Scientists have begun work to create a prostate cancer screening service for the UK. In a few years, middle-aged men could be tested to reveal their genetic susceptibility to the condition, with those deemed to be under significant threat of developing it being offered treatment or surgery.

The service would tackle a disease that has become the nation’s most commonly diagnosed cancer and would parallel Britain’s breast cancer screening programme. Every year, more than 47,500 men are diagnosed with prostate cancer: 129 a day on average. More than 11,500 deaths from the disease occur each year, with one in eight men being diagnosed with prostate cancer at some time in their lives.

A national screening service – which would test men’s saliva for signs of genetic predispositions to the condition – could help to make significant reductions in numbers of cases and deaths. Hence the decision by the government’s National Institute for Health Research to give a £3m grant to Professor Rosalind Eeles, of the Institute of Cancer Research (ICR), and the Royal Marsden Hospital London, to lead research aimed at setting up a prostate cancer genetic testing and screening service.
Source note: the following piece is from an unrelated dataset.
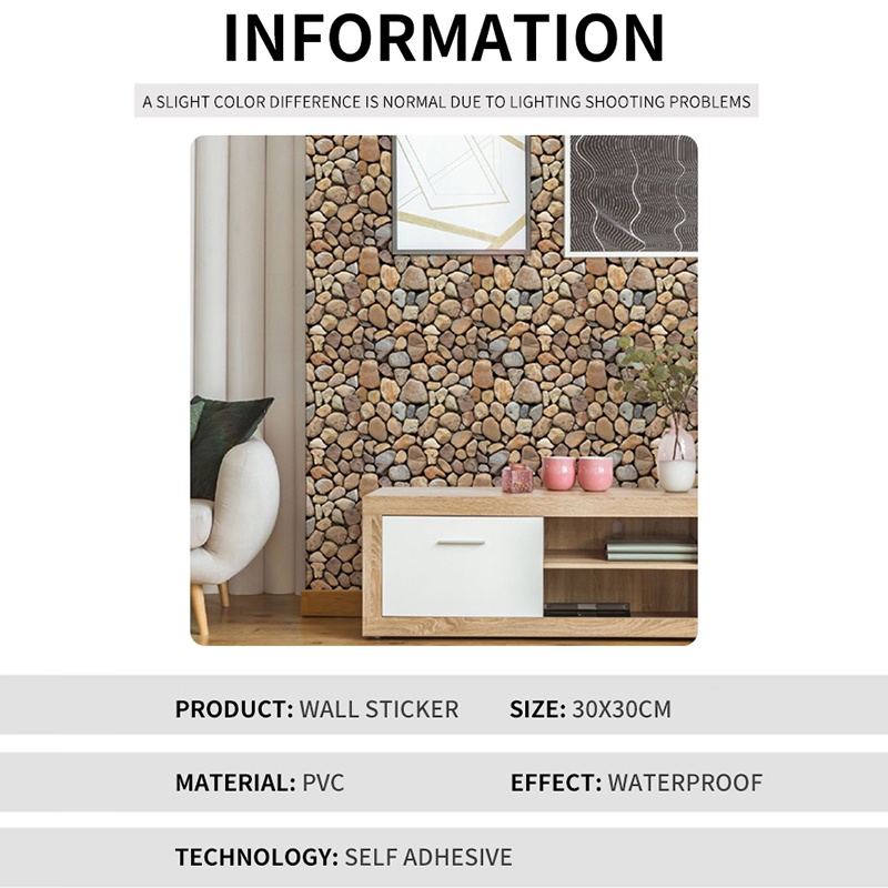 3D Wall Sticker Waterproof Self Adhesive PVC Pattern Wallpaper Living Room Bedroom TV Wall 30x30cm

“There are various gene variants that make men particularly susceptible to prostate cancer, and we need to find out exactly what those are,” Eeles told the Observer. “Then we will be able to develop a set of tests that you could offer to everyone. However, these would have to be cheap and simple to administer.”
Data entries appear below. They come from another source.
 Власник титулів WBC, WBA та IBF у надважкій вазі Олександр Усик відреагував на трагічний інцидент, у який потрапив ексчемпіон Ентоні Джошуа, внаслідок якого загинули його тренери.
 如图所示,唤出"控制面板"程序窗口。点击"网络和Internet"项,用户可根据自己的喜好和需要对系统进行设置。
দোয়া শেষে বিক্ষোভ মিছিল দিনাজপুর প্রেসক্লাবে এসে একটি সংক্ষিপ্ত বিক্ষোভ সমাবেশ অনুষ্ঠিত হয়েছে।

Eeles and her colleagues are working to uncover the data and resources that will be needed to roll out a programme of prostate cancer gene testing in the NHS. The group has already pinpointed genetic changes that can lead to prostate cancer and have developed tests to detect them. Now they plan to investigate how best to use these in a screening programme.

To do this, Eeles and her team will give their tests to 1,000 men at risk of prostate cancer and 1,000 men known to have the condition. Results from these will be compared with those from men known not to have prostate cancer and who have no family history. Then the team will check how well the gene tests accurately identify a man’s risk status.
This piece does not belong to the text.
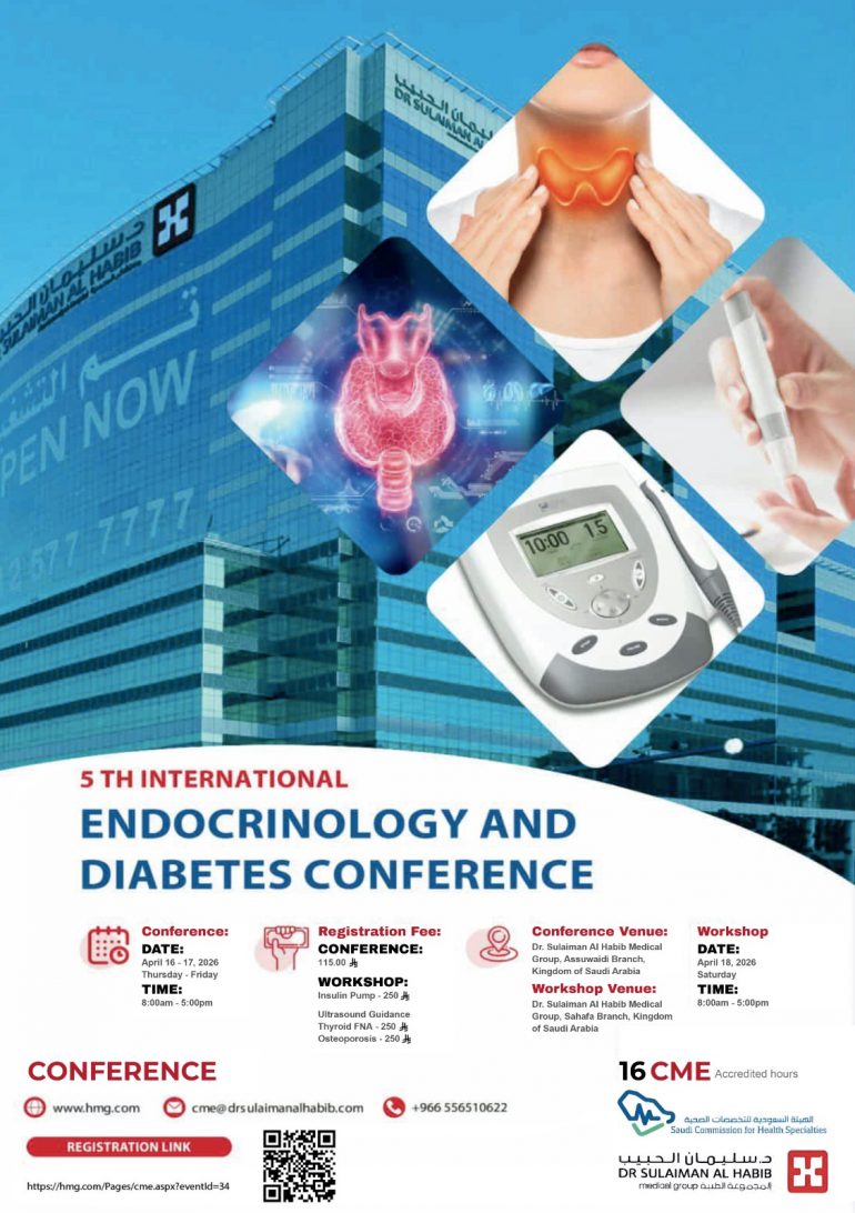 تُنظّم مجموعة الدكتور سليمان الحبيب الطبية المؤتمر الدولي الخامس للسكري والغدد الصماء خلال الفترة من 28 شوال إلى الأول من ذي القعدة 1447هـ، الموافق 16-18 إبريل 2026م، بمستشفى الدكتور سليمان الحبيب بالسويدي، المعتمد من هيئة التخصصات الصحية بواقع 16 ساعة تعليم طبي مستمر، وذلك بمشاركة نخبة من الاستشاريين والمتخصصين والمهتمين من خارج وداخل المملكة في مجال السكري والغدد الصماء وهشاشة العظام، لمناقشة أحدث المستجدات العلمية والتقنيات العلاجية الحديثة التي تستهدف تطوير الممارسات الطبية وتعزيز جودة الرعاية الصحية.

“The overall risk at age 70 of getting prostate cancer is about 3% and at the age of 80 to 85, it’s about 12%,” added Eeles. “What we want to do is find out, earlier in life, who among these groups is most at risk of getting the disease.”

Studies carried out at the ICR and Marsden’s joint Biomedical Research Centre suggest that about 200 different gene variants are involved in raising prostate cancer risks. Most of these variants pose a small danger but in certain combinations these could lead to a high level of risk.

“I can envisage the day when men aged between 40 and 70 could go to their doctors and be given saliva tests and, based on genetic analysis of their spit, they could be told from their genetic profiles just how much at risk they are of getting prostate cancer,” said Eeles.

Men identified to be most at risk of aggressive prostate cancer types could then be offered targeted screening and treatments that are now being developed. The research programme will also look at how men want to receive information about their prostate cancer risk and how it can be integrated into the NHS’s prostate cancer care pathway.

Eeles stressed that such a screening service would take time to perfect. It would have to be cost-effective and simple to implement.

“Ensuring that will be one of the main aims of the research we are now undertaking,” she said. “However, I am very confident that in a few years we may be able to roll out screening based on risk assessments of prostate cancer for middle-aged men in the UK.”

The main image on this article was updated on 9 May 2021 to use an example of the kind of testing likely to be used by the service.